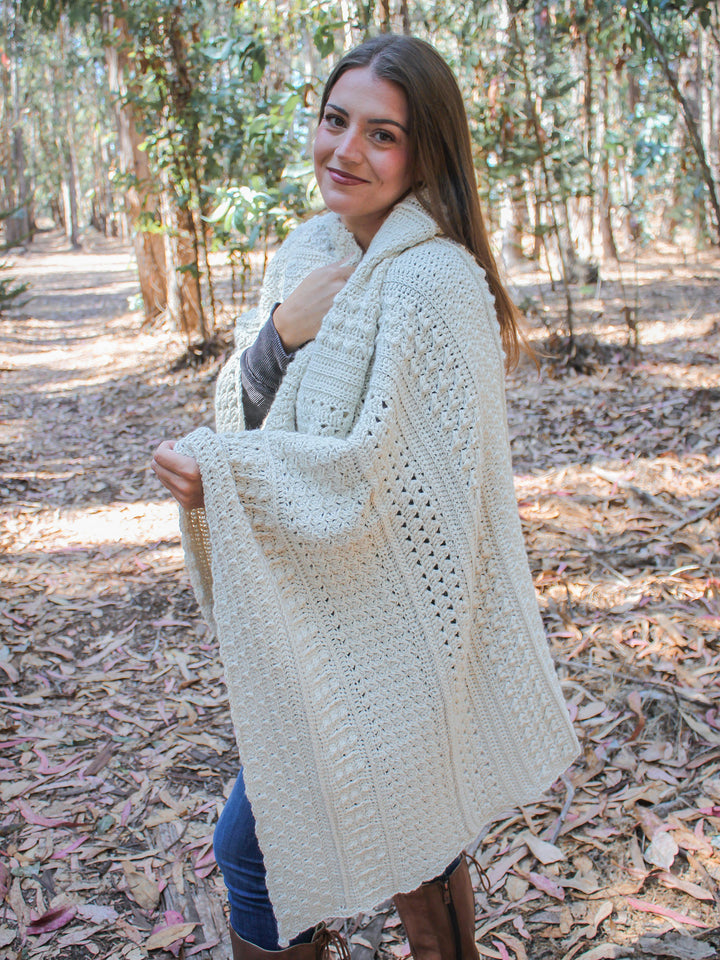 - Shown in Yarn Citizen Unity Worsted in the color Natural. 12 skeins required.
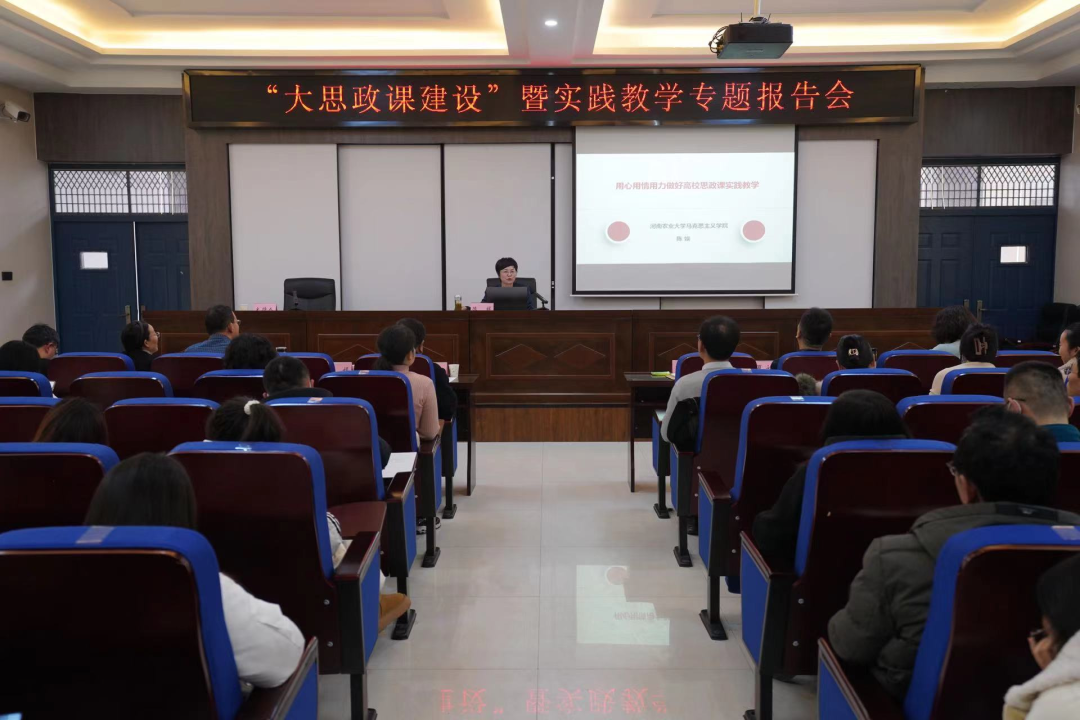 全国高校思政课名师工作室(河南农业大学)负责人陈娱教授以《用心用情用力做好高校思政课实践教学》为题,介绍了高校思政课实践教学的缘起,阐释了高校思政课实践教学的内涵与价值,结合长期教学经验深入分析了高校思政课实践教学的现实与困惑,分享了基于课程性质、行业特点、地方资源、馆课结合的高校思政课实践教学模式。在遵循全员参与、过程可控、教师主导、学生主体、形式多样、综合考评的基本原则基础上,就如何打造思政课实践教学品牌提出了形成统一行动、凝聚广泛共识,建立健全实践教学品牌化的保障体系,建立完善的实践教学品牌化考评体系,通过创新形式进一步拓展实践教学品牌化内容,继续扩大覆盖课程和受众学生五方面的对策,并对我院各门思政课初步形成的实践教学模式和成果进行了诊断和点评,提出了建设性建议。报告内容全面详实,思想深刻且引人入胜,是一场有滋有味有灵魂的思政“金课”。
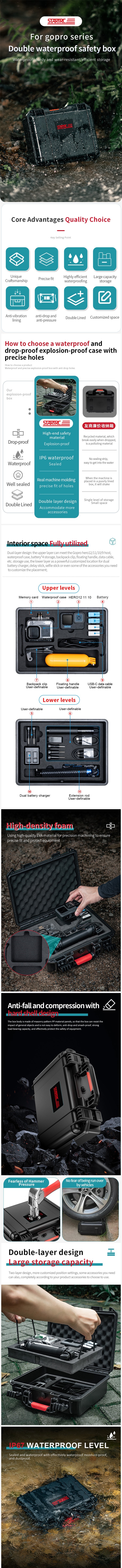 - For gopro series double waterproof safety box,choose a waterproof and drop-proof explosion-proof case with precise holes,interior space fully utilized,lower levels,high-density foam,anti-fall and compression with hard shell design;
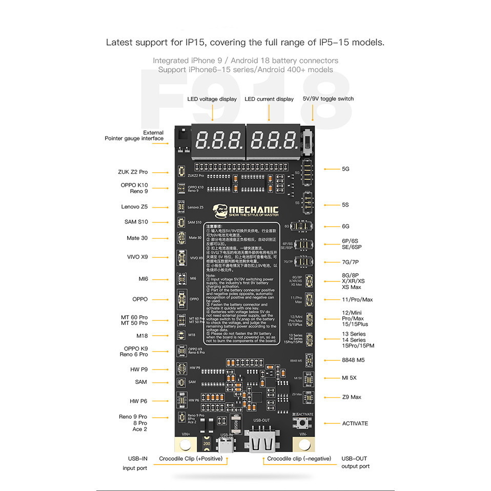 MECHANIC F918 Battery Activation Detection Board One-click Activation Battery Fast Charge for Phone 5G-15PM/Android Repair
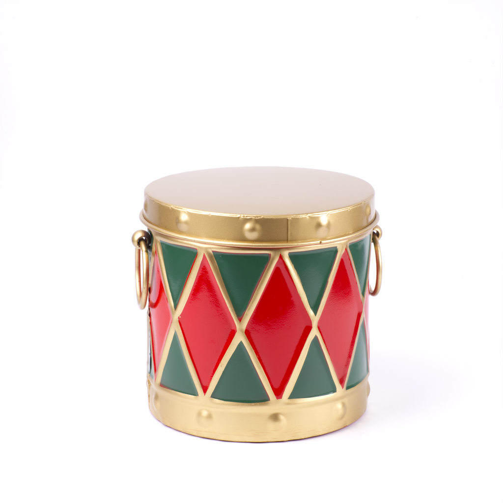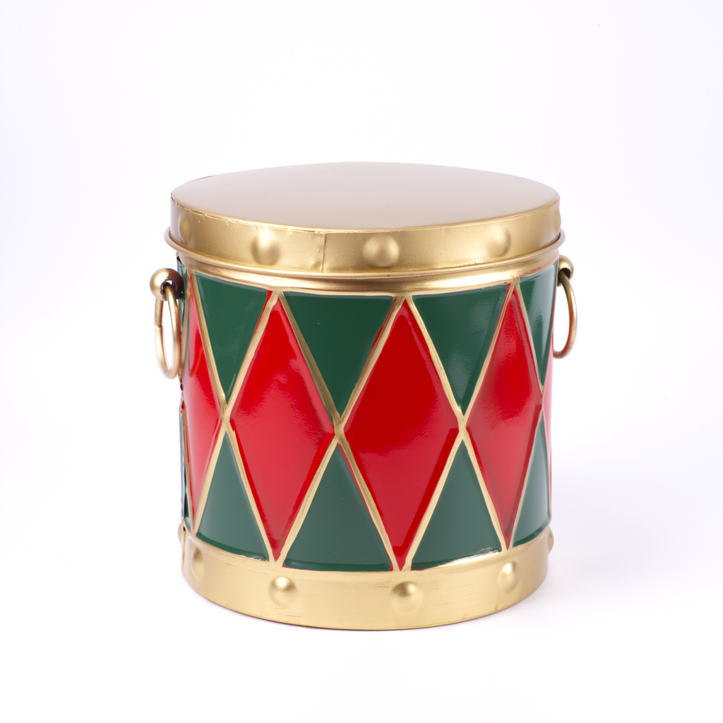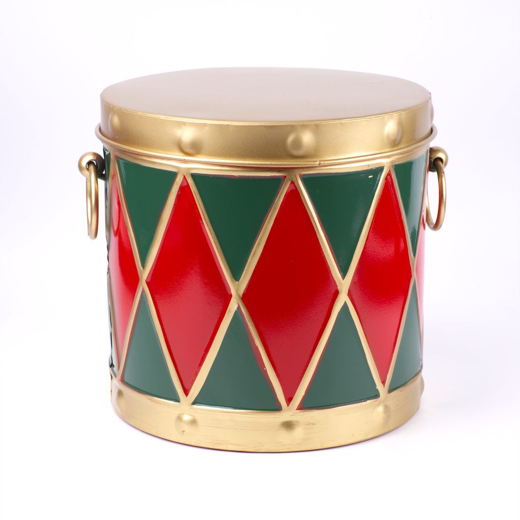 These handy festive drums are ideal for storing Christmas goodies. The inside of the tins are painted a smart red. They can be stacked, or the three sizes can be nested.
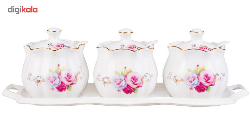 ست سه تایی همراه با سینی دارای درب سرامیکی به همراه قاشق سرامیکی مناسب جهت استفاده در تزیین دکوراسیون آشپزخانه طراحی منحصربه فرد مناسب برای نگهداری چای خشک ، قهوه و انواع ادویه دارای جعبه کادویی زیبا مناسب جهت هدیه دادن به عزیزانتون
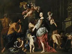 Some scholars think that Vulcan might be the unknown god who impregnated goddesses Fortuna Primigenia at Praeneste and Feronia at Anxur. In this case, he would be the father of Jupiter.[34] This view, however, is in conflict with that which links the goddess to Jupiter, as his daughter (puer Jovis) and his mother too, as primigenia, meaning "primordial".
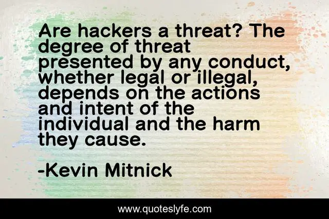 This page presents the quote "Are hackers a threat? The degree of threat presented by any conduct, whether legal or illegal, depends on the actions and intent of the individual and the harm they cause.". Author of this quote is Kevin Mitnick. This quote is about individual, intent, actions,.
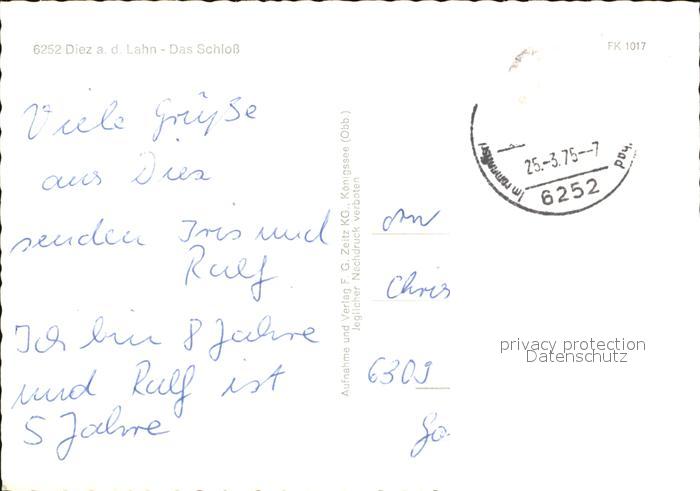 72422123 alte Postkarte Diez Lahn Schloss postalisch gelaufen Erhaltung siehe scans KatCode: 11110007141029
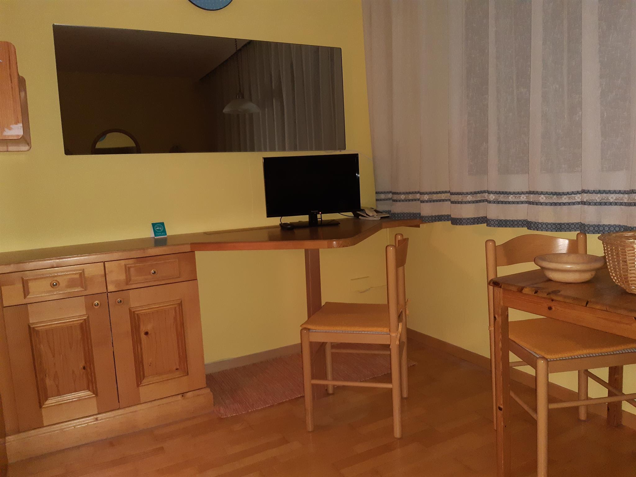 Kleines Studio im Aparthotel Alpine mit freier Hallenbad-, Sauna- und Fitnessraumbenutzung. Wohn-Schlafraum mit Doppelbett, Eßtisch, Schränke, Kabel-TV, Miniküche mit Spüle, Kühlschrank, Kochplatten, Wasserkocher, Kaffeemaschine, Dusche, WC. Inklusivleistungen: Eintritt Hallenbad, Sauna, Parkplatz, Skiabteil. Bettwäsche, Handtücher. Direkter Pistenzugang, direkt an der Bushaltestelle. Restaurant im Hotel Alpine.
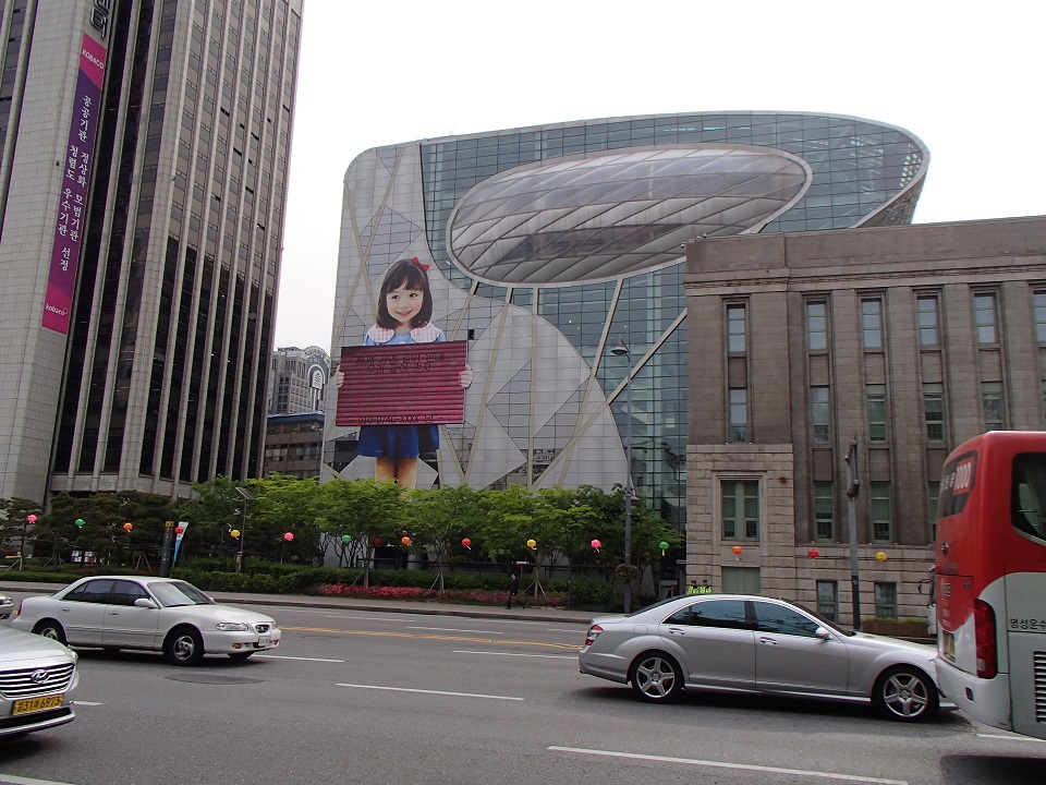 ソウル市庁舎周辺の通りのようでございますが、特別な道路標示などはございませんので外国人観光客にはなじみのない道路と存じます。オフィスビル街でございますので観光名所と呼べるようなものは特にございませんでした。

-------

WHAT IS NEEDED:
Quote every record above exactly, leaving out any pictures.

WRITTEN SOLUTION:
 - Shown in Yarn Citizen Unity Worsted in the color Natural. 12 skeins required.
 全国高校思政课名师工作室(河南农业大学)负责人陈娱教授以《用心用情用力做好高校思政课实践教学》为题,介绍了高校思政课实践教学的缘起,阐释了高校思政课实践教学的内涵与价值,结合长期教学经验深入分析了高校思政课实践教学的现实与困惑,分享了基于课程性质、行业特点、地方资源、馆课结合的高校思政课实践教学模式。在遵循全员参与、过程可控、教师主导、学生主体、形式多样、综合考评的基本原则基础上,就如何打造思政课实践教学品牌提出了形成统一行动、凝聚广泛共识,建立健全实践教学品牌化的保障体系,建立完善的实践教学品牌化考评体系,通过创新形式进一步拓展实践教学品牌化内容,继续扩大覆盖课程和受众学生五方面的对策,并对我院各门思政课初步形成的实践教学模式和成果进行了诊断和点评,提出了建设性建议。报告内容全面详实,思想深刻且引人入胜,是一场有滋有味有灵魂的思政“金课”。
 - For gopro series double waterproof safety box,choose a waterproof and drop-proof explosion-proof case with precise holes,interior space fully utilized,lower levels,high-density foam,anti-fall and compression with hard shell design;
 MECHANIC F918 Battery Activation Detection Board One-click Activation Battery Fast Charge for Phone 5G-15PM/Android Repair
 These handy festive drums are ideal for storing Christmas goodies. The inside of the tins are painted a smart red. They can be stacked, or the three sizes can be nested.
 ست سه تایی همراه با سینی دارای درب سرامیکی به همراه قاشق سرامیکی مناسب جهت استفاده در تزیین دکوراسیون آشپزخانه طراحی منحصربه فرد مناسب برای نگهداری چای خشک ، قهوه و انواع ادویه دارای جعبه کادویی زیبا مناسب جهت هدیه دادن به عزیزانتون
 Some scholars think that Vulcan might be the unknown god who impregnated goddesses Fortuna Primigenia at Praeneste and Feronia at Anxur. In this case, he would be the father of Jupiter.[34] This view, however, is in conflict with that which links the goddess to Jupiter, as his daughter (puer Jovis) and his mother too, as primigenia, meaning "primordial".
 This page presents the quote "Are hackers a threat? The degree of threat presented by any conduct, whether legal or illegal, depends on the actions and intent of the individual and the harm they cause.". Author of this quote is Kevin Mitnick. This quote is about individual, intent, actions,.
 72422123 alte Postkarte Diez Lahn Schloss postalisch gelaufen Erhaltung siehe scans KatCode: 11110007141029
 Kleines Studio im Aparthotel Alpine mit freier Hallenbad-, Sauna- und Fitnessraumbenutzung. Wohn-Schlafraum mit Doppelbett, Eßtisch, Schränke, Kabel-TV, Miniküche mit Spüle, Kühlschrank, Kochplatten, Wasserkocher, Kaffeemaschine, Dusche, WC. Inklusivleistungen: Eintritt Hallenbad, Sauna, Parkplatz, Skiabteil. Bettwäsche, Handtücher. Direkter Pistenzugang, direkt an der Bushaltestelle. Restaurant im Hotel Alpine.
 ソウル市庁舎周辺の通りのようでございますが、特別な道路標示などはございませんので外国人観光客にはなじみのない道路と存じます。オフィスビル街でございますので観光名所と呼べるようなものは特にございませんでした。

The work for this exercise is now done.